Task: Retype word for word the stretch of entries below from the line that has "A Camiseta Infantil" through the line that has "Сдвиньте серую защёлку", and omit the pictures.

━━━━━ Extracted data

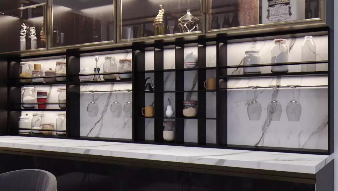 两侧是开放式的展示设计,钢化玻璃的掩门完美解决了落灰的烦恼,玻璃通透的材质,简单却不失品味感。
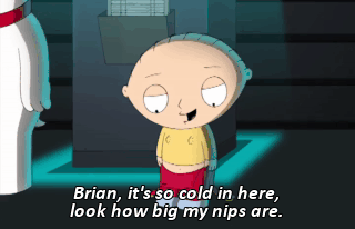 Brian, it's so cold in here, look how big my nips are.
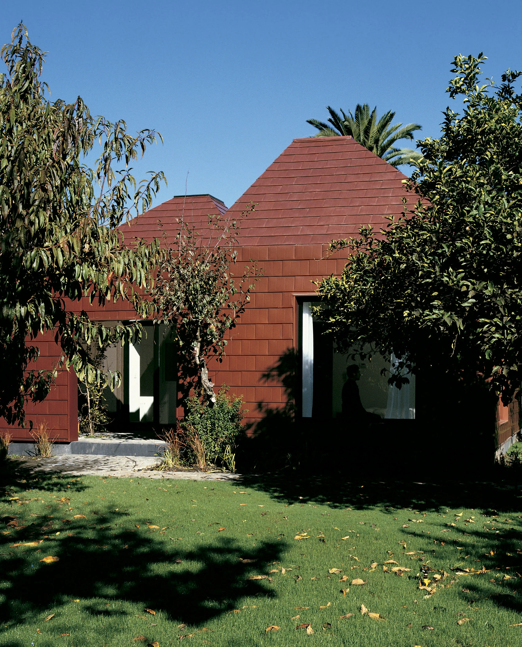 Esta es, a la vez, una casa enorme y pequeña. No tiene salones extensos pero sí un montón de piezas que se repiten y algunas funciones que se duplican de acuerdo a la tradición chilena de casa de campo. Ocupa una pequeña quinta donde, hasta hace poco, estaba la casona donde el actual propietario pasó su infancia. Es un lugar cargado de recuerdos. Como testigo de estos recuerdos ha quedado una abundante miscelánea de árboles frutales (desde cerezos a nogales) y árboles nativos (desde palmas a araucarias). Más allá del sitio no hay nada visualmente atractivo. Por lo tanto, el programa se extiende horizontalmente para, además de recorrer la profundidad de los jardines, conquistar cierta introspección interior e invisibilidad exterior. La estructura irregular, y algo laberíntica, contiene nueve patios abiertos, nueve claros que ayudan a controlar la densidad de la planta. Era posible aumentar la holgura de algunos recintos elevando sus techos, pero esto no debía arrojar sombra sobre los patios. Para ello se proponen dos inclinaciones: la de las cubiertas, que siempre desciende hacia los patios (dejando sólo la sombra del muro) y la de los techos, cuyo vértice recortado por la luz natural se centra según el mobiliario de cada recinto. El peso de un manto de tejas (que en algo evoca el de la antigua casona) cae desde estos catorce prismas truncados.[+][+]
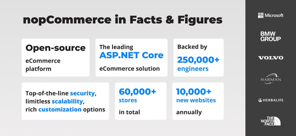 nopCommerce is an open-source eCommerce platform. It is based on the ASP.NET Core framework by Microsoft and is identified as the leading ASP.NET Core eCommerce solution. The platform is backed by a vast professional community (250,000+ engineers) and stands out among other eCommerce vendors due to top-of-the-line security, limitless scalability, and rich customization options. NopCommerce has helped more than 60,000 online retail businesses to launch their stores. From SMBs to large-scale enterprises, 10,000+ new websites go live every year. The list of nopCommerce’s clients includes companies like Microsoft, the BMW Group, Volvo, Harman, Herbalife, and the North Face.
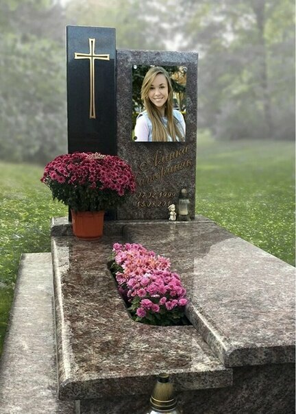 Гранитный памятник: стела - 100х50х8 см ; постамент - 60х20х8 см; цветник - 100х8х8 см (2 шт), 60х8х8 см. В свободной продаже. Подходит для оформления надмогильного сооружения женского так и мужского захоронения.
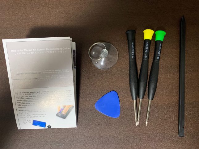 修理に必要十分な道具が画面修理キットの中に入っています。
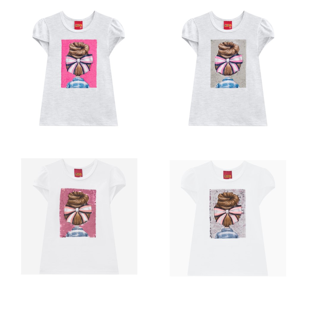 A Camiseta Infantil Feminino Kyly possui modelagem tradicional e estampa frontal.
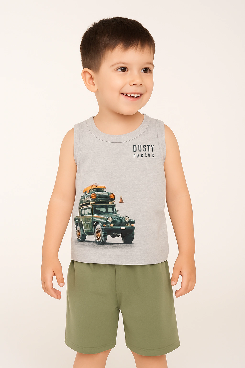 O Conjunto Infantil Menino Kyly é composto por regata em meia malha e bermuda em moletom sem felpa, ambos com composição de 100% algodão.
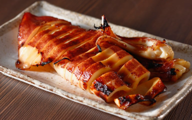 - Kemudian bakar cumi di atas bara api sambil sesekali diolesi dengan bumbu marinasi.
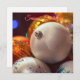 En närbild visar en samling julprydnader. Utsmyckningarna varierar i färg och design, inklusive vitt, guld och rött. Vissa är dekorerade med glitter och mönster. Bakgrunden är suddig, färglös ljus, vilket ökar den festliga atmosfären. Bilden väcker en känsla av värme och helgdag.
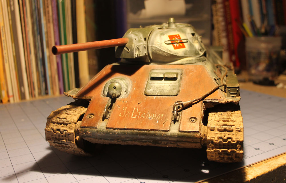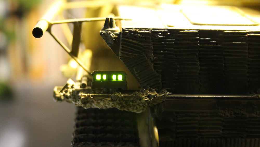 I couldn't let the brake light function on the MFU, so I added LEDs to the nav markers. I'm not sure if the rear ones were red, but what the heck...Also added the turret seams, footholds, tarps clips, etc. I made the decals of the Pravda School from Girls Und Panzer to fight along side my son with the T-34.
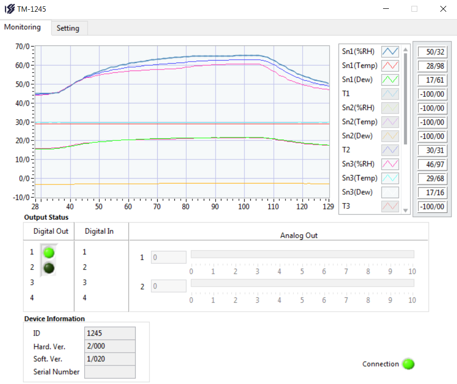 همچنین می توان چهار سنسور فقط دما را به چهار اتصال ورودی دستگاه متصل نمود. توسط تنظیمات دستگاه می توان تعیین نمود که هر کانکتور ورودی به چه نوع سنسوری(رطوبت-دما یا فقط دما) متصل شود.تعداد سنسورها نیز قابل انتخاب و پیکربندی است.
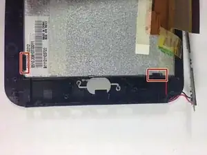 Сдвиньте серую защёлку разъёма ленточного кабеля от белого порта ленточного кабеля на плате экрана с помощью острого конца лопатки.
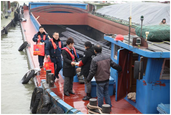3月8日,淮安船闸针对在运河跑运输女性船民,开展“关爱女性、从心出发”主题活动,组织工作人员来到待闸区,上船头、进船舱,走进女船民身边,向她们讲解日常健康常识,发放保健宣传材料、赠送健康折页和慰问品。(蒋超)

━━━━━━━━━━

Written answer:
 A Camiseta Infantil Feminino Kyly possui modelagem tradicional e estampa frontal.
 O Conjunto Infantil Menino Kyly é composto por regata em meia malha e bermuda em moletom sem felpa, ambos com composição de 100% algodão.
 - Kemudian bakar cumi di atas bara api sambil sesekali diolesi dengan bumbu marinasi.
 En närbild visar en samling julprydnader. Utsmyckningarna varierar i färg och design, inklusive vitt, guld och rött. Vissa är dekorerade med glitter och mönster. Bakgrunden är suddig, färglös ljus, vilket ökar den festliga atmosfären. Bilden väcker en känsla av värme och helgdag.
 I couldn't let the brake light function on the MFU, so I added LEDs to the nav markers. I'm not sure if the rear ones were red, but what the heck...Also added the turret seams, footholds, tarps clips, etc. I made the decals of the Pravda School from Girls Und Panzer to fight along side my son with the T-34.
 همچنین می توان چهار سنسور فقط دما را به چهار اتصال ورودی دستگاه متصل نمود. توسط تنظیمات دستگاه می توان تعیین نمود که هر کانکتور ورودی به چه نوع سنسوری(رطوبت-دما یا فقط دما) متصل شود.تعداد سنسورها نیز قابل انتخاب و پیکربندی است.
 Сдвиньте серую защёлку разъёма ленточного кабеля от белого порта ленточного кабеля на плате экрана с помощью острого конца лопатки.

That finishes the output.